Structure and Function
Enzymes are 3D complex globular proteins and although the enzyme itself is usually larger than the substrate only a small part of the enzyme actually comes into play. The active site of the enzyme is where it comes into contact with the substrate and it is only a few of the amino acids which make it up out of the total.
There are two types of enzymes:
- Intracellular – made and used within cells for reactions like metabolism.
- Extracellular – produced by cells but work outside the cell in reactions like during digestion.
Factors that affect the rate of reaction of enzymes
- Temperature – Enzymes have their optimum temperature and anything significantly above or below will begin to denature and slow the rate of reaction.
- pH – As well as temperature, enzymes also have an optimum pH in which they work fastest. For most enzymes it’s around 7-8 pH.
- Substrate Concentration – The more substrate complex that is available for the enzyme the faster the rate of reaction until a point when it levels out.
- Enzyme Concentration – As the enzyme concentration increases the rate of reaction increases because there are more enzyme molecules, this increases the collision rate.
Competitive inhibitors compete with the substrate for the active sites of the enzyme molecules. The inhibitor will have the same binding site configuration as the substrate thus meaning the enzyme will accept it.

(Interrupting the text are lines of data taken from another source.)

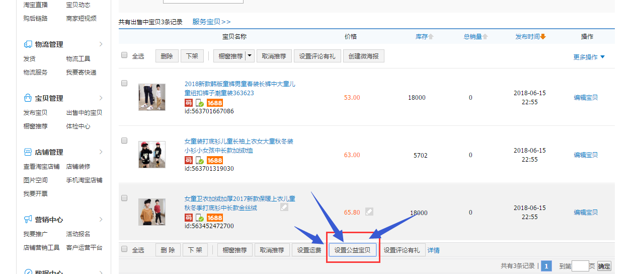 在卖家中心--出售中的宝贝--拉到最底端,勾选设置公益宝贝。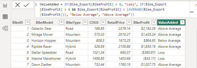 - A column (ValueAdded) that gives a descriptive analysis of the profitability column, in order to make it easier to interpret and gain insights from the data. This column should return one of three values (“Loss,” “Below Average,” or “Above Average”) based on the profitability of the bike (below zero, below the average BikeProfit, above the average BikeProfit, respectively).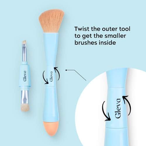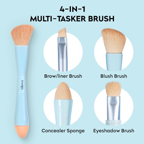 Gleva Multi Tasker 4-in-1 Travel Makeup Brush, Detachable Makeup Brush Set All-in-One Makeup Sponge, Eyeshadow, Eyebrow, Liner, Blush Blending Brush for Foundation, Concealer, & Powder (Pink)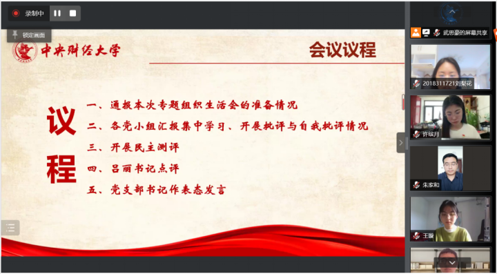 为深入学习贯彻习近平新时代中国特色社会主义思想和党的十九届六中全会精神,不断推进党的建设新的伟大工程,beat365在线唯一官网登录本科生党支部于4月24日下午线上召开了2021 年度组织生活会和民主评议党员。支部全体党员参加了会议,beat365在线唯一官网登录党委书记吕丽出席会议并讲话。会议由本科生党支部书记李莎莉老师主持。

An example of competitive inhibition could be malonic acid which competes with succinate for active sites of succinic dehydrogenase, an important enzyme in the Krebs cycle.
- This shows on the diagram where the substrate has occupied the active site of the enzyme.

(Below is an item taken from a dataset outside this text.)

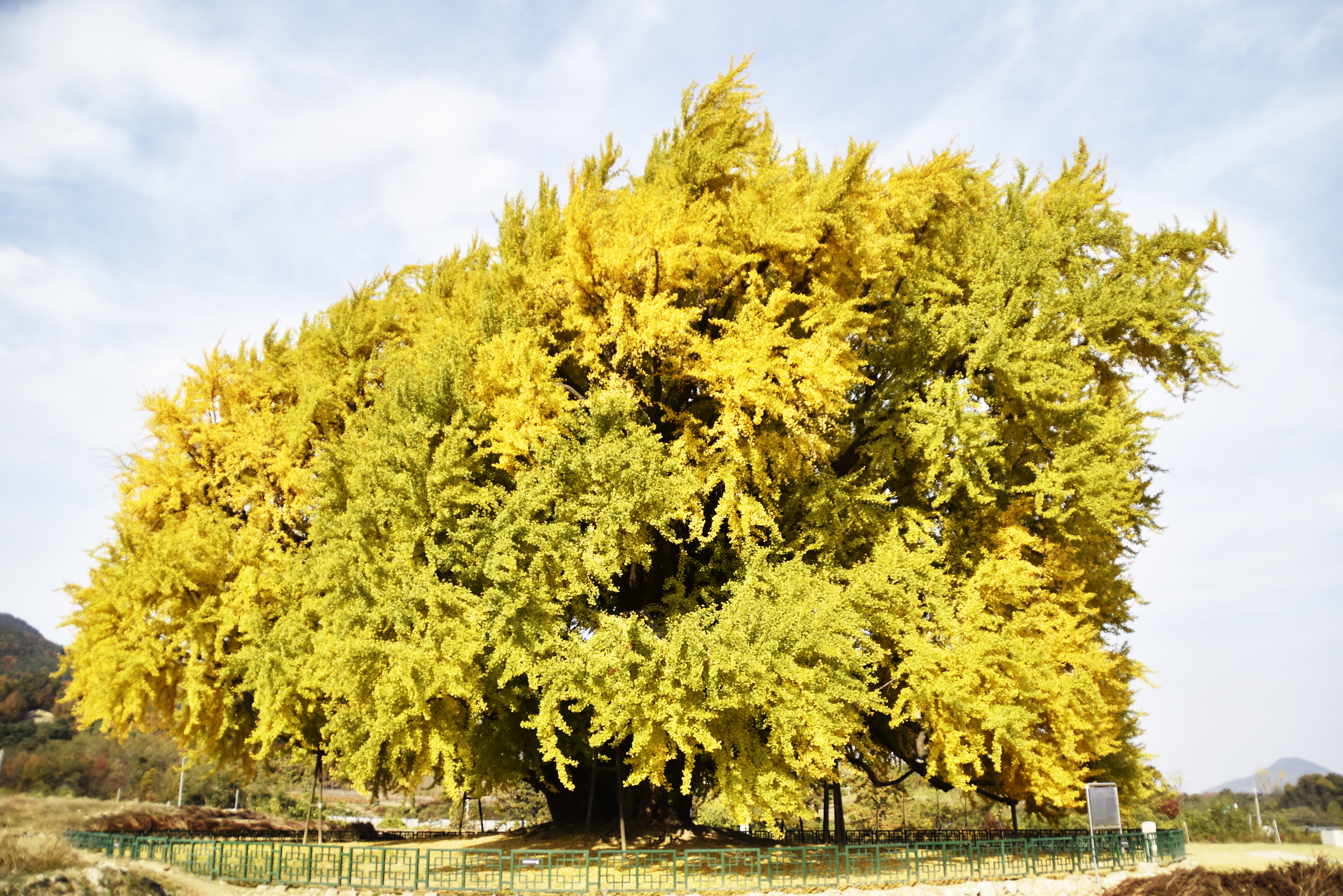 마을 뒷쪽에 있고 얼마 전까지도 크게 관심을 모으지 못했으나 최근 복원작업이 순조롭게 끝나고 나무도 다시 생기를 되찾으면서 많은 사람들이 찾는 명소로 자리 잡았다. 보통 11월 첫째주 쯤 (11월 3일 ~ 10일) 단풍이이 절정에 든다. 비가 오는 날엔 일제히 단풍잎이 떨어지기 때문에 노란색의 웅장한 자태를 볼 수 있는 시간이 짧아진다. 올해는 예년보다 3, 4일 늦어졌다. 단풍을 볼 수 있는 시간이 짧아 사진을 찍기 위해 멀리서 매일 아침 달려오는 작가들도 늘어나고 있다.

- The red substrate is a competitive inhibitor which is occupying the active site.
- Because the inhibitor is in the active site of the enzyme there aren’t any free for any other substrate.
Non-competitive inhibitors don’t attach to the active site of the enzyme but somewhere else on the enzyme. They alter the shape of the enzyme molecule in such a way that the active site changes its shape, making the active site no longer able to accommodate the substrate.

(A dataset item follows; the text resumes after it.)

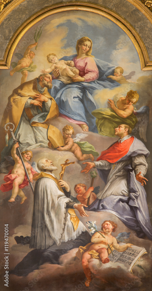 Samolepka BRESCIA, ITALY - MAY 21, 2016: The painting of Madonna among the saints on main

An example of non-competitive inhibition could be cyanide (or potassium cyanide – KCN) which combines dehydrogenase with the cytochrome enzymes responsible for the transfer of hydrogen atoms during cellular respiration.
- This shows the substrate in the active site of the enzyme.
- Because the non-competitive inhibitor has attached to the enzyme, it has changed shape which means the substrate can’t attach to the binding site.
- The non-competitive inhibitor attaches to the enzyme but not at the active site.
Immobilised enzymes are enzymes which are attached to an inert and insoluble material. This inert material allows them to be held in place throughout the reaction. They can also be used again and again because they are attached to the inert material. They are used widely in industry because they are extremely efficient.